In infants and children with congenital AS, the increase in obstruction occurs gradually because the valve orifice changes little as the child grows. Similarly, in adults with AS, left ventricular (LV) obstruction usually develops and increases gradually over a long period of time. The progressive LV outflow obstruction results in increased LV mass by parallel replication of sarcomeres producing concentric hypertrophy at the expense of cavity size. This increase in wall thickness is a compensatory mechanism to normalize LV wall stress. Indeed, wall thickness appears to be a critical determinant of ventricular performance in patients with AS; an inverse relationship exists between LV wall stress and ejection fraction (EF). Inadequate development of hypertrophy, depression of myocardial contractility, or a combination of these factors usually leads to impairment of ventricular performance (so-called afterload mismatch).

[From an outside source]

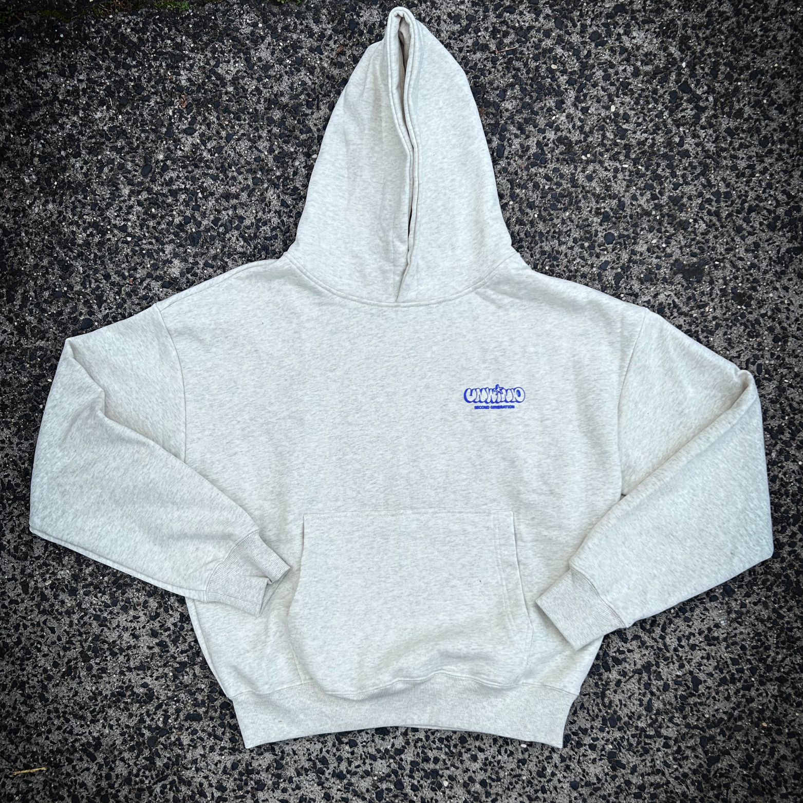 A luxury 100% cotton oversized hood, with ribbed hem and cuffs. The hoodie is finished with our NEW BLUE puff print UNWIND graphic front and back. 450GSM.

LV systolic function is usually well preserved, and cardiac output (CO) is maintained for many years despite a large pressure gradient across the AV. During this time, the patient does not experience a reduction in resting CO, LV dilatation, or development of symptoms. Although the CO at rest is normal in most patients with severe AS, it often fails to rise significantly during exercise. If afterload mismatch occurs, the CO, stroke volume, and the left ventricle and aorta pressure gradient all decline.
Another consequence to the pathophysiologic response to AS, LV diastolic function, is commonly abnormal, resulting in elevated LV filling pressures, which is reflected onto the pulmonary circulation. Diastolic dysfunction occurs as a consequence of both impaired LV relaxation and decreased LV compliance that is caused by increased afterload, a thick noncompliant LV, and relative myocardial ischemia. Chamber stiffness can revert toward normal as LV hypertrophy regresses following relief of valvular obstruction, and in some patients, muscle stiffness also may revert to normal. Extensive myocardial fibrosis develops with long-standing hypertrophy, which may not disappear despite regression of hypertrophy.
In patients with severe AS, the left atrial (LA) pressure waveform usually demonstrates a large a wave because of a combination of vigorous contraction of a hypertrophic left atrium and reduced LV compliance. Atrial contraction plays a particularly important role in mitral valve conductance and filling of the left ventricle in AS. It raises LVEDP while preventing a concomitant elevation of mean LA pressure. This prevents pulmonary venous and capillary pressures from rising to levels that would normally produce pulmonary congestion, while at the same time elevating LVEDP sufficiently to ensure effective LV contraction. Therefore, development of atrial fibrillation in AS is often catastrophic to the maintenance of normal forward stroke volume.
AS intensifies the severity of existing mitral regurgitation (MR) by increasing the ventricular pressure gradient responsible for driving blood from the left ventricle to the left atrium. Additionally, functional MR as a consequence of LV dilatation in late stages of AS may superimpose the hemodynamic changes associated with this lesion on those produced by AS.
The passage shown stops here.